**ABOUT THIS EXERCISE:**
Your job is to give again, exactly and with no additions, the lines in the records below from the one with "In this version" through the one with "vedlikehold av Mosvannsparken.", both included. Omit the pictures.

**INFORMATION PROVIDED:**
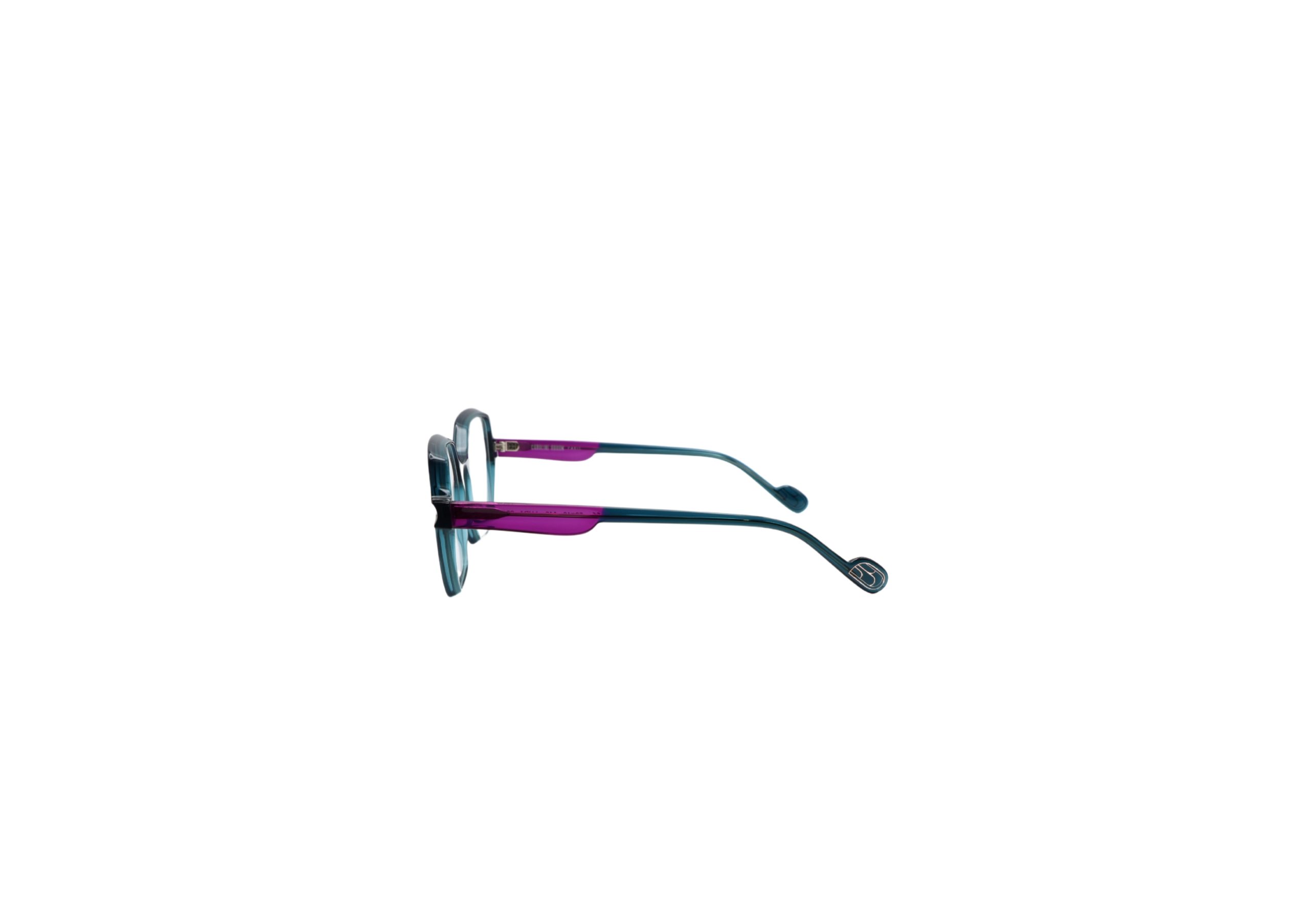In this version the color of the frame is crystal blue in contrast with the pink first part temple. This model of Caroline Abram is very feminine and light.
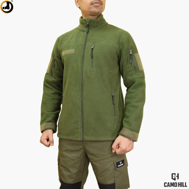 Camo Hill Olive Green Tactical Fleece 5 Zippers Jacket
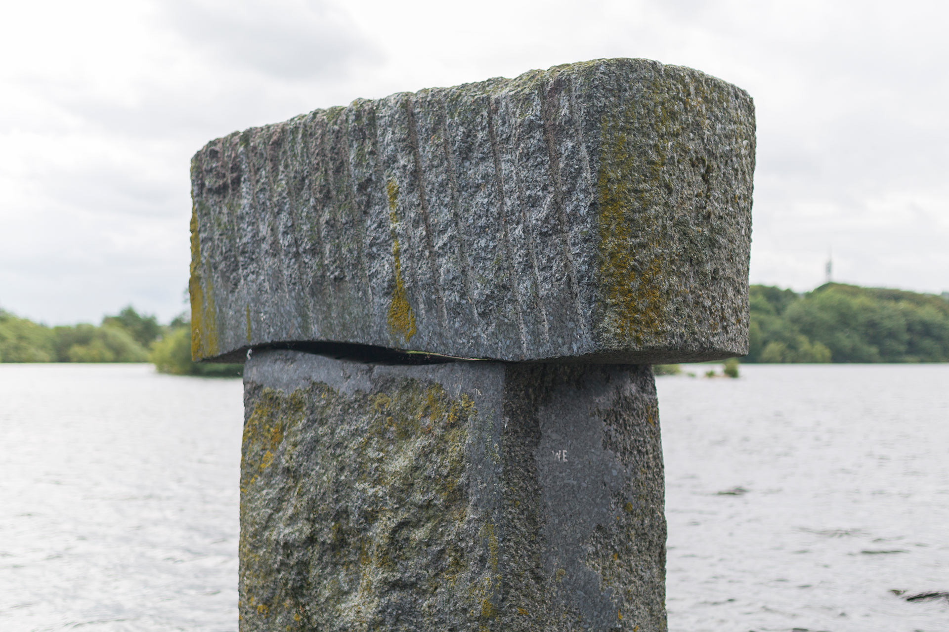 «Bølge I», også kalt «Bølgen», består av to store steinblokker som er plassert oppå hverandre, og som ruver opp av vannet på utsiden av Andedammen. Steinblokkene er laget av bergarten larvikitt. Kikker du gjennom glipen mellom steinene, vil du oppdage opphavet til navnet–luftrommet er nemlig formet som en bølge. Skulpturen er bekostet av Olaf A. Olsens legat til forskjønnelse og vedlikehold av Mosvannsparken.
==
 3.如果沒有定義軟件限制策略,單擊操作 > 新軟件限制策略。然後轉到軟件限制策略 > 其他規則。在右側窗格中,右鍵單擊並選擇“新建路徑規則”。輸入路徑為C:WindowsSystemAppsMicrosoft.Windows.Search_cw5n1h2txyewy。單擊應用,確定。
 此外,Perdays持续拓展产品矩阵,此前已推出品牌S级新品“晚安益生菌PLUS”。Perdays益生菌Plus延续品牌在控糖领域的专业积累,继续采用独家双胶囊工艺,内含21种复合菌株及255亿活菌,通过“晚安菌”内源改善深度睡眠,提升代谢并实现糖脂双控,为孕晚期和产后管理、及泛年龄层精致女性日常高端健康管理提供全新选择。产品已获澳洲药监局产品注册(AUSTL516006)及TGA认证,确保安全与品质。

**ANSWER SPACE:**
In this version the color of the frame is crystal blue in contrast with the pink first part temple. This model of Caroline Abram is very feminine and light.
 Camo Hill Olive Green Tactical Fleece 5 Zippers Jacket
 «Bølge I», også kalt «Bølgen», består av to store steinblokker som er plassert oppå hverandre, og som ruver opp av vannet på utsiden av Andedammen. Steinblokkene er laget av bergarten larvikitt. Kikker du gjennom glipen mellom steinene, vil du oppdage opphavet til navnet–luftrommet er nemlig formet som en bølge. Skulpturen er bekostet av Olaf A. Olsens legat til forskjønnelse og vedlikehold av Mosvannsparken.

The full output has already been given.